This exercise uses the dataset `Inc 5000 Companies` available from [Kaggle](https://www.kaggle.com/datasets/mysarahmadbhat/inc-5000-companies?resource=download).

>"<i>Dataset containing information about each company on the INC 5000 list in 2019. Dataset containing information about each company on the INC 5000 list in 2019. Fields include the company name, industry, founding year, website, and location, as well as 2019 revenue, % growth, number of workers (year-over-year), and the number of years on the list.</i>"
#### 0.0 Libraries

In [1]:
import pandas as pd

#### 1.0 Get the Data from CSV file

In [2]:
file_name = './DATA/INC 5000 Companies 2019.csv'
companies_df = pd.read_csv(file_name)

#### 1.1 Row and Column Count

In [3]:
# dimensions
(n_companies, n_features) = companies_df.shape
"There are " + str(n_companies) + " companies, and " + str(n_features) + " potential features per company ..."

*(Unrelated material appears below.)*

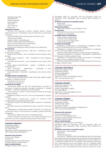 WWW.GHIDULPRIMARIILOR.RO JUDE%u021aUL MURE%u0218 / 517Building Invest SRLAgroprest SRLChemotrade SRLIntercoop SRLArdon SRLMOL RomaniaPia%u021ba Auto Obiective turistice:Comuna are obiective turistice (castele, biserici, statui), tab%u0103r%u0103 de pictur%u0103, manifesta%u021bii culturale (festivaluri, evenimente culturale).Sunt posibilit%u0103%u021bi pentru dezvoltarea turismului rural.Obiective principale:Castelul Teleki - Dumbr%u0103vioaraBiserica reformat%u0103 din Dumbr%u0103vioaraCavoul familiei Teleki din Dumbr%u0103vioaraBiserica unitarian%u0103 din C%u0103lu%u0219eri Muzeul de etnografie %u0219i istorie local%u0103 din Dumbr%u0103vioaraEvenimente:Spectacol %u0219i bal de carnaval - februarie - localitatea %u0219i locul Ernei, c%u0103min culturalZilele satului C%u0103lu%u0219eri - iulie - localitatea %u0219i locul C%u0103lu%u0219eri, teren de sportZilele satului S%u0103c%u0103reni - iulie - localitatea %u0219i locul S%u0103c%u0103reni, teren de sportFestivalul de var%u0103 Ernei - iulie -localitatea %u0219i locul Ernei, teren de sportZilele satului Dumbr%u0103vioara - august - localitatea %u0219i locul Dumbr%u0103vioaraBalul strugurilor - septembrie - localitatea %u0219i locul Dumbr%u0103vioara, c%u0103min cutural Ziua v%u00e2rstnicilor - octombrie - localitatea %u0219i locul Ernei, c%u0103min culturalFacilit%u00e3%u0163i oferite investitorilor:Cele care pot fi oferite conform legii, informa%u0163ii, medieri, sprijin %u00een rela%u0163ia cu celelalte institu%u0163iiImpozite %u015fi taxe minimeColaborare %u015fi eficien%u0163%u0103Proiecte de investi%u0163ii:Construc%u021bia re%u021belei de ap%u0103 din Dumbr%u0103vioara, punerea %u00een func%u021biune a sta%u021biei de epurare, extindere canalizare %u00een aceast%u0103 localitate - investi%u021bii finalizate/%u00een curs de finalizareConstruirea unui centru multifunc%u021bional pe terenul de l%u00e2ng%u0103 cl%u0103direa prim%u0103rieiAsfaltarea str%u0103zilor mai mici %u00een Ernei, Dumbr%u0103vioara, Icland %u0219i C%u0103lu%u0219eri%u00cembun%u0103t%u0103%u021birea infrastructurii rutiere %u00een comuna Ernei (modernizarea %u0219i reabilitarea drumurilor)%u00cenfiin%u021bare sisteme de distribu%u021bie gaze naturale %u00een localitatea S%u0103c%u0103reni,%u00cenfiin%u021bare centru de colectare prin aport voluntar %u00een comuna Ernei,Reabilitarea %u0219i modernizarea cl%u0103dirii Prim%u0103riei %u0219i a c%u0103minului cultural din Ernei, %u00een comuna Ernei %u00een vederea cre%u0219terii eficien%u021bei energetice,Construc%u021bie capel%u0103 mortuar%u0103 %u00een localitatea Icland Conform Planului de ac%u021biune pe anul 2023, Prim%u0103ria are 15 obiective cuprinse %u00een programul de guvernare 2021-2024).COMUNA F%u0102R%u0102G%u0102UCod po%u0219tal: 547225Telefon: 0265-716612; Fax: 0265-716612; Adresa de e-mail: faragau@cjmures.roURL: https://comunafaragau.ro/Persoane din primarie:Primar: Ioan Mil%u0103%u015fanViceprimar:Secretar general: Ana Maria F%u0103rca%u0219Contabil: Veronica Iuliana PavelSate %u00een administra%u021bie:F%u0103r%u0103g%u0103u, Poarta, Onuca, TonciuSuprafa%u021ba:%u00a0 3975 ha; Intravilan:%u00a0 275 ha; Extravilan:%u00a0 3700 ha; Popula%u021bia:%u00a0 1723; Gospod%u0103rii:%u00a0 625; Locuin%u021be:%u00a0 625; Gr%u0103dini%u021be:%u00a0 2; %u0218coli:%u00a02; Activitati economice si specifice zonei:Agricultur%u0103Cre%u015fterea animalelorObiective turistice:Rezerva%u021bia natural%u0103%u00a0%u201cLacul F%u0103r%u0103g%u0103u%u201d 37 haEvenimente:Festivalul Floricica de pe T%u0103u 15.08.2021Fuga din T%u0103u 03.05.2021Facilit%u00e3%u0163i oferite investitorilor:Terenuri pentru agricultur%u0103For%u0163%u0103 de munc%u0103 disponibil%u0103Acces la drumuri modernizateScutire taxe %u015fi impoziteProiecte de investi%u0163ii:Reabilitare, modernizare %u0219i eficientizare energetic%u0103%u00a0 c%u0103min cultural %u00een localitatea Tonciu, Comuna F%u0103r%u0103g%u0103uReabilitare %u0219i modernizare %u0219coala Gimnazial%u0103%u00a0 %u00een Localitatea Tonciu, Comuna F%u0103r%u0103g%u0103u, Jude%u021bul Mure%u0219Achizi%u021bie mijloc de transport %u00een comun %u0219i sta%u021bii de %u00eenc%u0103rcareRenovare energetic%u0103%u00a0 a cl%u0103dirilor reziden%u021biale multifamiliare din Comuna F%u0103r%u0103g%u0103u, Jude%u021bul Mure%u0219Reabilitare %u0219i modernizare %u0219coala gimnazial%u0103%u00a0 %u00een localitatea F%u0103r%u0103g%u0103u, comuna F%u0103r%u0103g%u0103u, jude%u021bul Mure%u0219%u00cenfiin%u021bare sistem de canalizare cu sta%u021bie de epurare %u00een Comuna F%u0103r%u0103g%u0103u, Jude%u021bul Mure%u0219COMUNA F%u00c2NT%u00c2NELEAdres%u0103: Principal%u0103, nr. 124Cod po%u0219tal: 547235Telefon: 0265-580112; Fax: 0265-580112; Adresa de e-mail: fintinele@cjmures.roURL: www.fantanele-ms.roCOMUNA G%u0102LE%u015eTIAdres%u0103: Principal%u0103, nr. 64Cod po%u0219tal: 547245Telefon: 0265-586112, 586114; Fax: 0265-586112; Adresa de e-mail: galesti@cjmures.roURL: www.galesti.roCOMUNA G%u0102NE%u015eTIAdres%u0103: Principal%u0103, nr. 548Cod po%u0219tal: 547255Telefon: 0265- 425101; Fax: 0265- 425049; Adresa de e-mail: contact@primariaganesti.roURL: www.primariaganesti.roPersoane din primarie:Primar: Balog%u00a0Elem%u00e9rViceprimar: Szentgy%u0151rgyi AnnaSecretar General: Tekeres Anna-MariaContabil: Maria C%u00eempeanSate %u00een administra%u021bie:G%u0103ne%u015fti, Seuca, P%u0103uci%u015foara, Sub P%u0103dureSuprafa%u021ba:%u00a0 4964 ha; Intravilan:%u00a0 150 ha; Extravilan:%u00a0 4814 ha; Popula%u021bia:%u00a0 3131; Gospod%u0103rii:%u00a0 1518; Locuin%u021be:%u00a0 1372; Gr%u0103dini%u021be:%u00a0 2; %u0218coli:%u00a03; Activitati economice si specifice zonei:Agricultur%u0103 - cultur%u0103 mare,Zootehnie,Prelucrare lemnuluiViticultur%u0103 - Calitatea oferit%u0103 de podgoriile de pe T%u00e2rnave este foarte apreciat%u0103, at%u00e2t pe pia%u021ba intern%u0103, c%u00e2t %u0219i pe cea interna%u021bional%u0103. %u00cen aceast%u0103 privin%u021b%u0103, produsele vinicole de
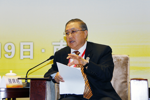 台湾工商协进会理事长、台湾工业银行董事长骆锦明在两岸金融合作专题论坛上进行主题发言。(中国台湾网 于斯文 摄)

'There are 5012 companies, and 14 potential features per company ...'

#### 1.2 Types and Semantics

<b>Types:</b> Refer to the type of values in a column according to [Python's type system](https://docs.python.org/3/library/datatypes.html). Strictly speaking, values in a Pandas DataFrame are described by [`dtypes`](https://pandas.pydata.org/docs/reference/api/pandas.DataFrame.dtypes.html). See also [this reference](https://pandas.pydata.org/docs/user_guide/basics.html#basics-dtypes). Of course, `dtypes` can be mapped to Python types.

<b>Semantics:</b> Refer to the intended meaning of a value in a dataset column, and this is usually application-dependent. For instance, a value of `40.0` under column `workers` probably means the number of workers in the corresponding company.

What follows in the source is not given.